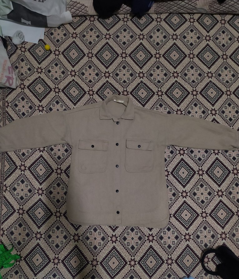 Bej renkte, düğmeli, uzun kollu, yakalı ve rahat kesim kadın gömleği. Günlük ve sokak tarzı için uygundur. erkekte giyebilir marka temsilidir
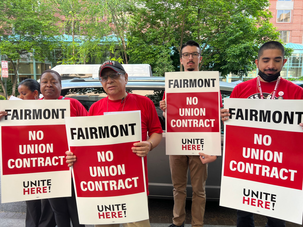 Workers at the Fairmont Washington DC, Georgetown, operated by Accor, are not protected by a union contract. Local 25 has negotiated contract with other hotels that include 100% employer-paid healthcare, employer-funded fixed-benefit pensions, protected days off, overtime pay, room quotas for housekeepers, and schedules in advance. Fairmont workers picketed throughout the week last week for a union contract.
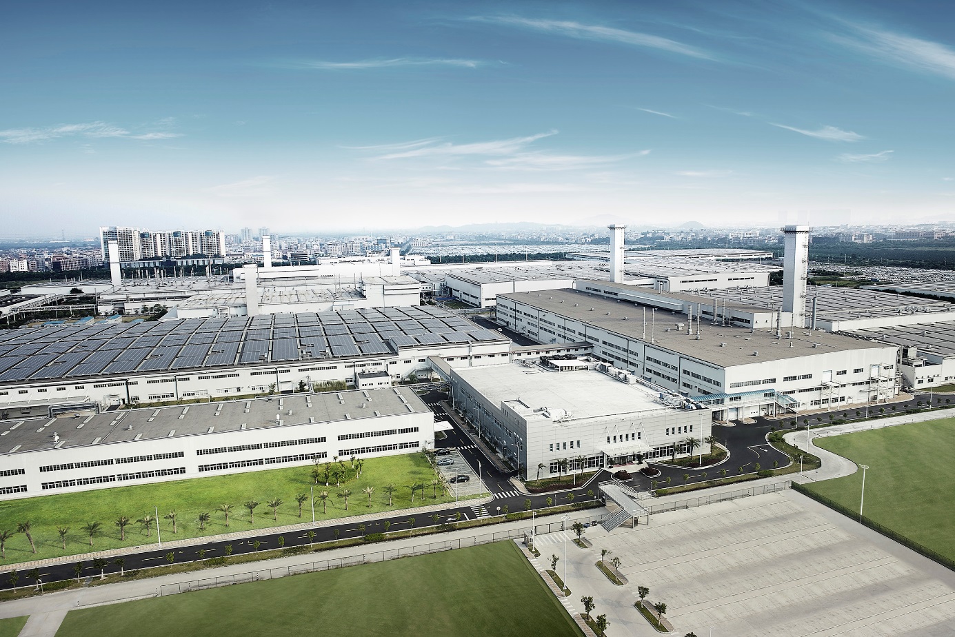环保、高品质的工厂。第三工厂导入业内规模最大的17MW分布式光伏发电项目,该项目年发电能力1900万千瓦时,相当于1万个家庭一年的用电量,光伏发电项目的应用,还实现了有效遮挡紫外线,延长厂房屋顶PVC(聚氯乙烯)卷材的寿命,降低厂房温度,从而降低空调使用量、间接节约电能等“隐性收益”。同时,第三工厂延续增城工厂的对外废水零排放,可满足目前国家对废水处理的更高要求,并达到全球最严格的VOC(可挥发性有机化合物)排放标准,实现世界领先水平。
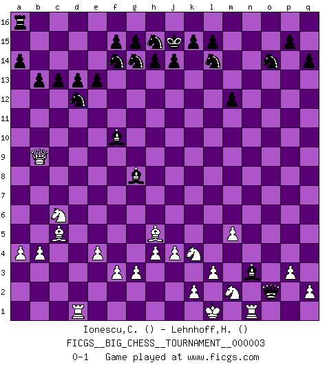 Last move : 0-1 2007 September 24 21:7:39 [Event "FICGS__BIG_CHESS__TOURNAMENT__000003"] [Site "FICGS"] [Date "2007.03.20"] [Round "1"] [White "Ionescu,Catalin"] [Black "Lehnhoff,Heinz-Georg"] [Result "0-1"] [WhiteElo ""] [BlackElo ""] 1.j2-k4 j15-g14 2.h1-o7 m15-m13 3.n2-n4 e15-e13 4.m2-m4 n15-n13 5.o7-o15 h16-k14 6.o15-q13 p16-o14 7.q13-g4 d15-d13 8.d2-d4 b16-c14 9.c1-p13 q15-q14 10.p13-f4 l16-p12 11.g4-g7 m13-m12 12.e2-e4 o16-k12 13.l1-o4 f16-b12 14.g7-n7 b12-e9 15.l2-l3 m16-m13 16.f1-c4 m13-j13 17.h2-j4 c16-f13 18.f2-f3 f13-e12 19.o2-o3 k12-l11 20.c2-c3 q16-m16 21.b1-d2 e9-h12 22.n7-h7 c14-d12 23.k1-h2 e12-j8 24.h7-a7 e16-e14 25.b2-b4 p12-n14 26.c4-n14 k14-n14 27.j4-h6 j8-h9 28.a2-a4 e14-f14 29.g1-e2 c15-c13 30.o1-j6 n14-o13 31.p2-p3 o13-g6 32.p1-n2 h9-e12 33.e1-g1 a15-a14 34.j6-h5 g6-c6 35.f4-g3 c6-h6 36.g3-f4 f14-f4 37.e2-f4 h6-f4 38.a1-d1 j13-j7 39.a7-c5 j7-c7 40.c5-n15 m16-m15 41.n15-n13 c7-c3 42.d2-b1 c3-c4 43.o4-h10 c4-d4 44.d1-d4 l11-d4 45.g1-d1 d4-e5 46.d1-h1 h12-c7 47.n2-l1 f4-g3 48.h5-g4 e12-c10 49.j3-j4 g3-h4 50.h10-c5 k16-l14 51.l1-k3 h4-o10 52.n13-n5 c10-d11 53.b1-d2 d11-l4 54.j1-k1 e5-h2 55.k1-l2 h2-f4 56.d2-c4 m15-m13 57.h1-d1 m13-n13 58.n5-l5 o10-o7 59.m4-m5 l4-g8 60.c4-a5 o7-o3 61.k3-m2 o3-o10 62.h3-h4 g16-f14 63.k4-j2 f4-h2 64.l5-g9 o10-j10 65.g4-h5 j16-j15 66.m2-k3 h2-f4 67.a5-c6 c7-f10 68.g9-b9 b15-b13 69.g2-g3 f4-j7 70.j2-k4 n13-n4 71.q1-n1 j10-o5 72.l2-l1 n4-n1 73.m1-n1 j7-n3 74.k3-m2 o5-o2 0-1 Follow this game move after move (download)Later, I began to succeed in decisive games. Perhaps because I realized a very simple truth: not only was I worried, but also my opponent. (Mikhail Tal) Es liegt in der Natur, vernüftig zu denken und unlogisch zu handeln. (Anatole France) Un buen sacrificio es aquel que aunque no sea necesariamente sólido, deja a tu oponente aturdido y confuso. (Rudolph Spielmann) Si rien de grave n'est détecté lors de l'analyse d'une position, on joue alors le coup. Seconde règle de Blumenfeld. Go and wake up your luck. (Persian saying)
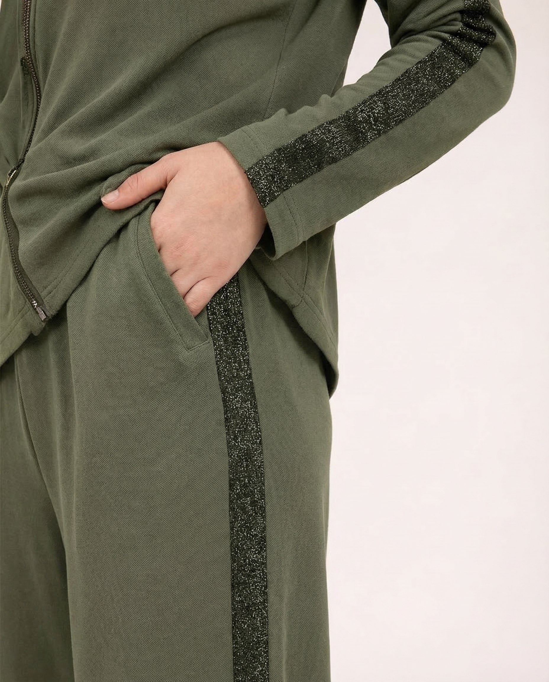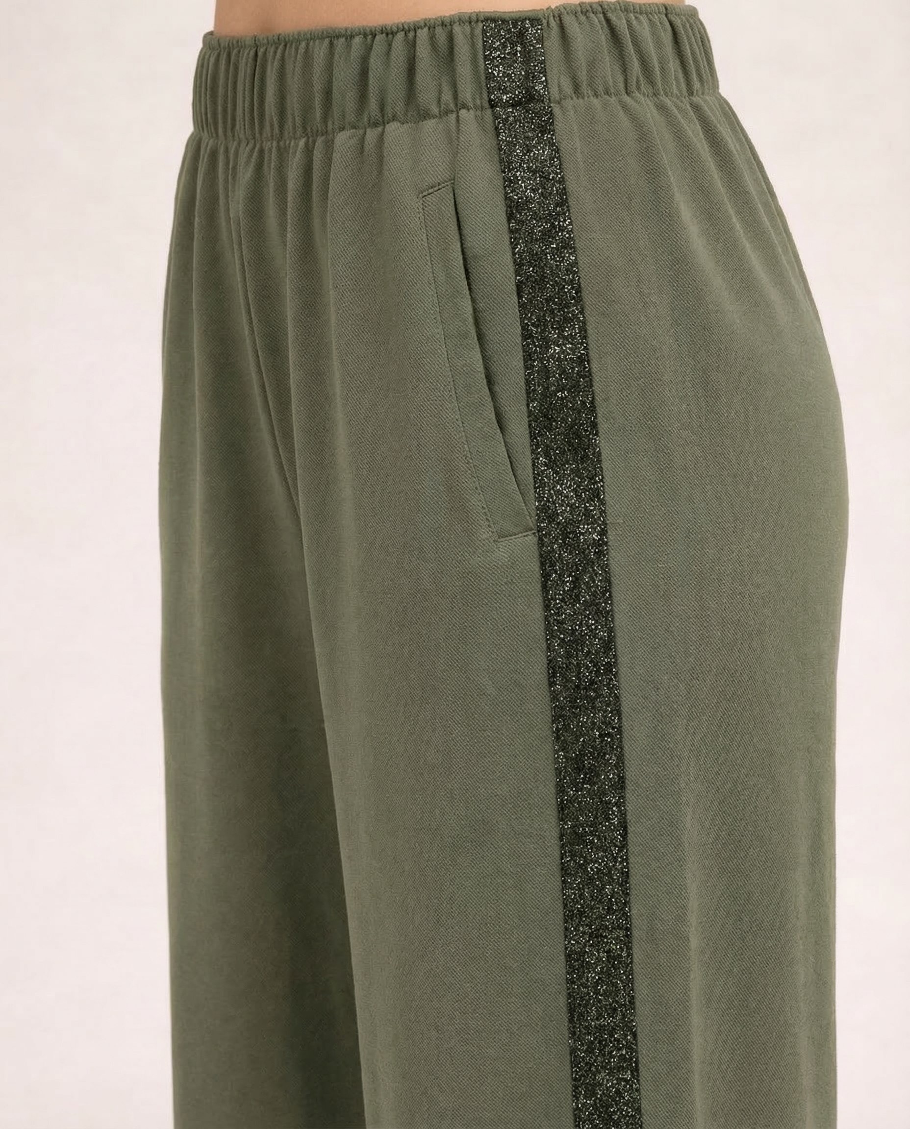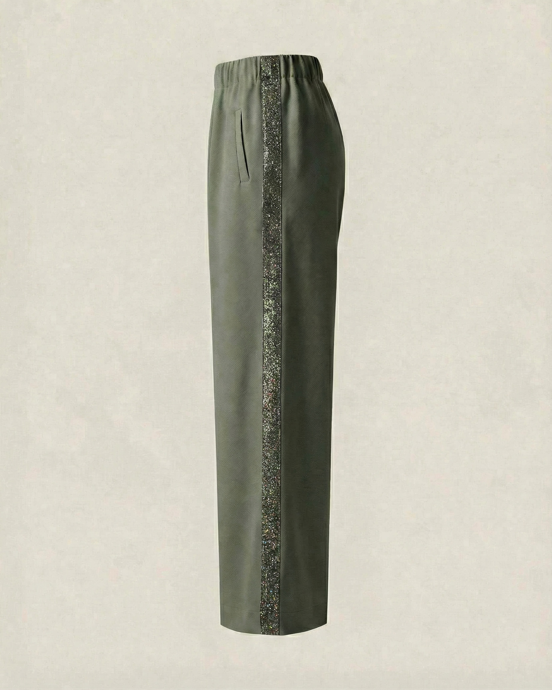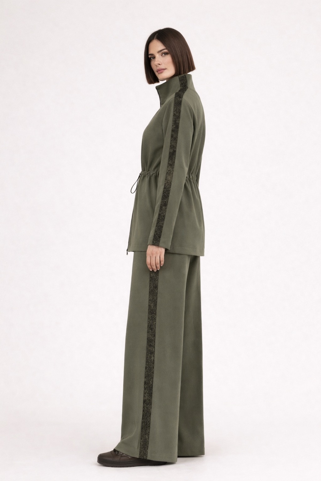 Прямые брюки из костюмной ткани средней плотности — идеальный баланс комфорта и элегантности. Материал отлично держит форму, не мнётся и не вытягивается, сохраняя аккуратный вид в течение дня. Эластичный пояс обеспечивает удобную посадку, а контрастные лампасы по бокам визуально вытягивают силуэт и добавляют образу динамики. Брюки легко сочетаются с разными элементами гардероба, а в комплекте со свитшотом создают стильный и современный костюм для повседневных и городских образов.
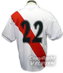 リーベル・プレートは近年、タスキの他に首や肩に黒や赤のラインを入れるモデルが多く、パンツは黒となるのですが、ペルー代表はシャツのデザインもシンプルになっており、パンツは白になります。
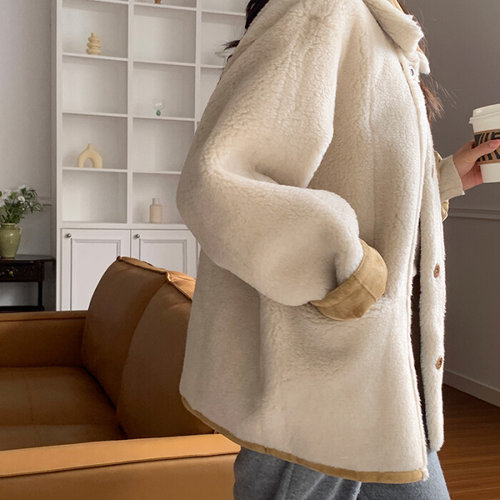 [하프클럽/]더블 울모직 하프코트 3AA8EE

--------------------------------------------------

[Required work] Could you repeat, exactly and with nothing added, the lines from the top of the entries above through the line that holds "环保、高品质的工厂。第三工厂", leaving out any pictures?

[Completed task]
 Bej renkte, düğmeli, uzun kollu, yakalı ve rahat kesim kadın gömleği. Günlük ve sokak tarzı için uygundur. erkekte giyebilir marka temsilidir
 Workers at the Fairmont Washington DC, Georgetown, operated by Accor, are not protected by a union contract. Local 25 has negotiated contract with other hotels that include 100% employer-paid healthcare, employer-funded fixed-benefit pensions, protected days off, overtime pay, room quotas for housekeepers, and schedules in advance. Fairmont workers picketed throughout the week last week for a union contract.
环保、高品质的工厂。第三工厂导入业内规模最大的17MW分布式光伏发电项目,该项目年发电能力1900万千瓦时,相当于1万个家庭一年的用电量,光伏发电项目的应用,还实现了有效遮挡紫外线,延长厂房屋顶PVC(聚氯乙烯)卷材的寿命,降低厂房温度,从而降低空调使用量、间接节约电能等“隐性收益”。同时,第三工厂延续增城工厂的对外废水零排放,可满足目前国家对废水处理的更高要求,并达到全球最严格的VOC(可挥发性有机化合物)排放标准,实现世界领先水平。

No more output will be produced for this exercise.